- **Problem to solve**
Please return each entry that follows exactly as given, but without pictures.
=== Given data ===
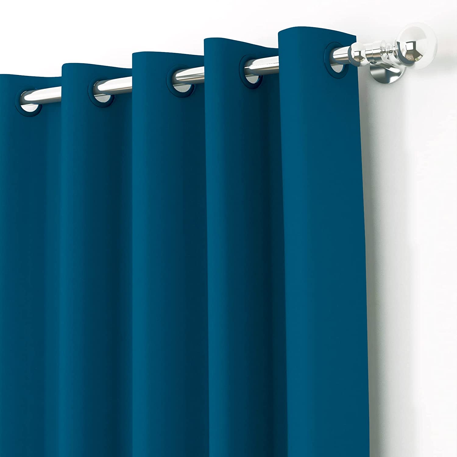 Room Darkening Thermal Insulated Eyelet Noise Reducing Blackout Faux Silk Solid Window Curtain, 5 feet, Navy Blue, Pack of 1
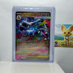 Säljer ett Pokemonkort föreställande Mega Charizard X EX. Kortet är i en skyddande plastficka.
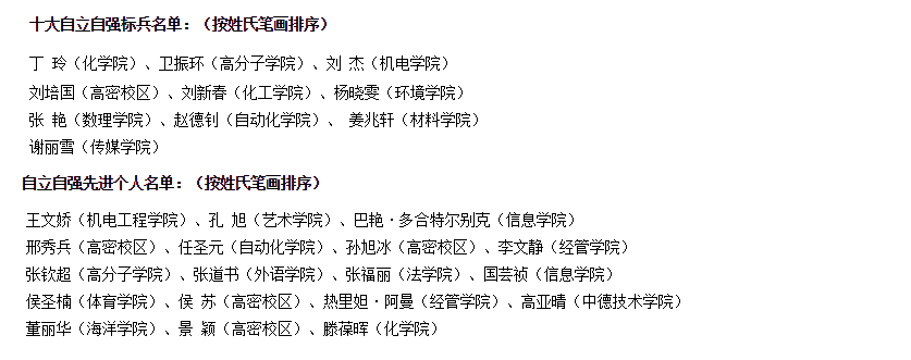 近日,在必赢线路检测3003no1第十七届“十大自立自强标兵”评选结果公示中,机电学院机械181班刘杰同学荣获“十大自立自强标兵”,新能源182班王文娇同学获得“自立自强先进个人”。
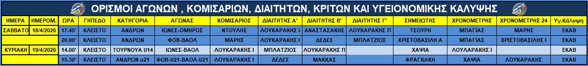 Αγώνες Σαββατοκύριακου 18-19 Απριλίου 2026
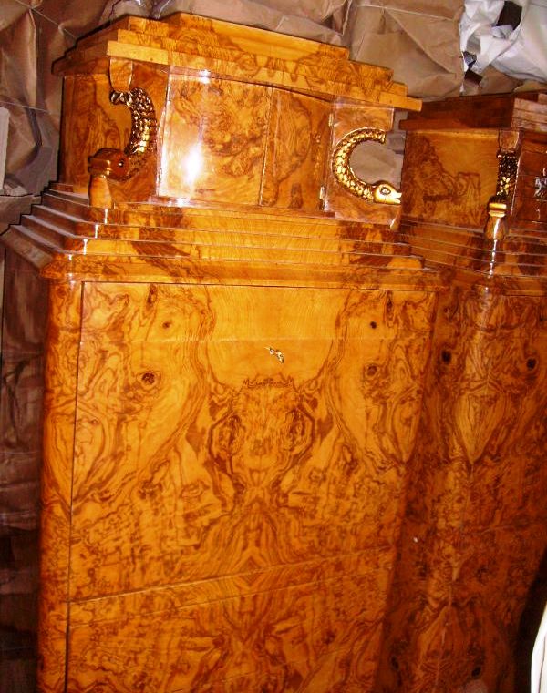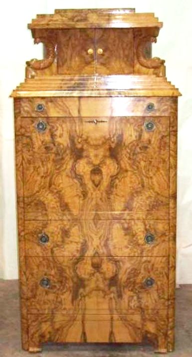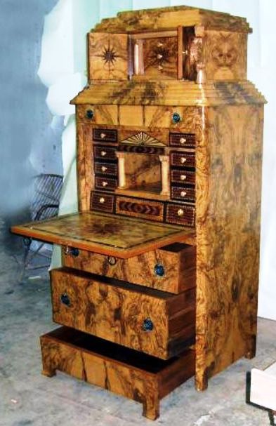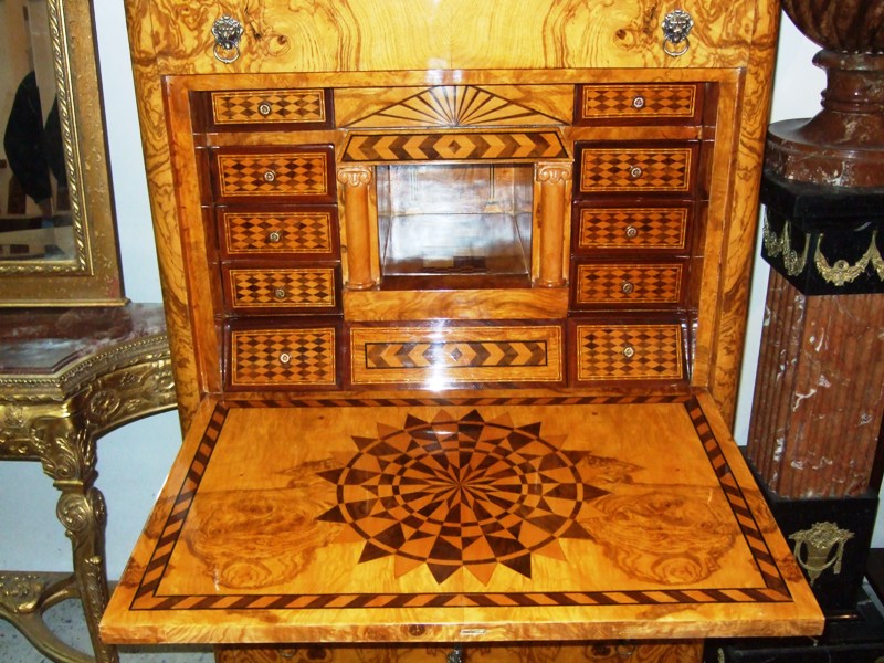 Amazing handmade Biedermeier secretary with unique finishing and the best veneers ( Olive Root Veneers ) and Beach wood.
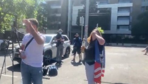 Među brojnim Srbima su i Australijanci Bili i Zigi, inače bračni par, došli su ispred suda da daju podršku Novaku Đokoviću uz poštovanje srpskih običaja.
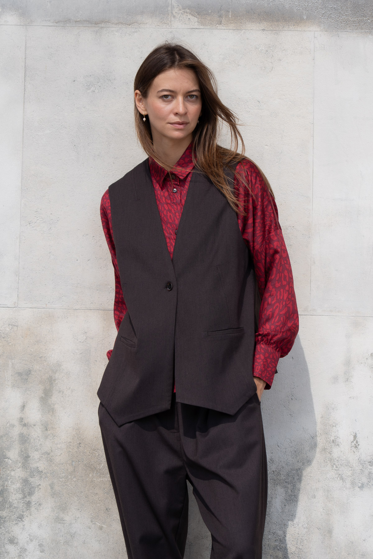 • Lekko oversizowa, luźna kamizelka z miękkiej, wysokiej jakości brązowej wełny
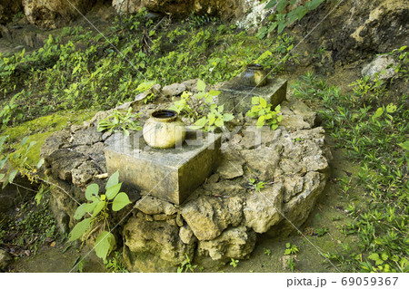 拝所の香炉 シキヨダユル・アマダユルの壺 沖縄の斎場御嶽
===
- **Expected answer**
 Room Darkening Thermal Insulated Eyelet Noise Reducing Blackout Faux Silk Solid Window Curtain, 5 feet, Navy Blue, Pack of 1
 Säljer ett Pokemonkort föreställande Mega Charizard X EX. Kortet är i en skyddande plastficka.
 近日,在必赢线路检测3003no1第十七届“十大自立自强标兵”评选结果公示中,机电学院机械181班刘杰同学荣获“十大自立自强标兵”,新能源182班王文娇同学获得“自立自强先进个人”。
 Αγώνες Σαββατοκύριακου 18-19 Απριλίου 2026
 Amazing handmade Biedermeier secretary with unique finishing and the best veneers ( Olive Root Veneers ) and Beach wood.
 Među brojnim Srbima su i Australijanci Bili i Zigi, inače bračni par, došli su ispred suda da daju podršku Novaku Đokoviću uz poštovanje srpskih običaja.
 • Lekko oversizowa, luźna kamizelka z miękkiej, wysokiej jakości brązowej wełny
 拝所の香炉 シキヨダユル・アマダユルの壺 沖縄の斎場御嶽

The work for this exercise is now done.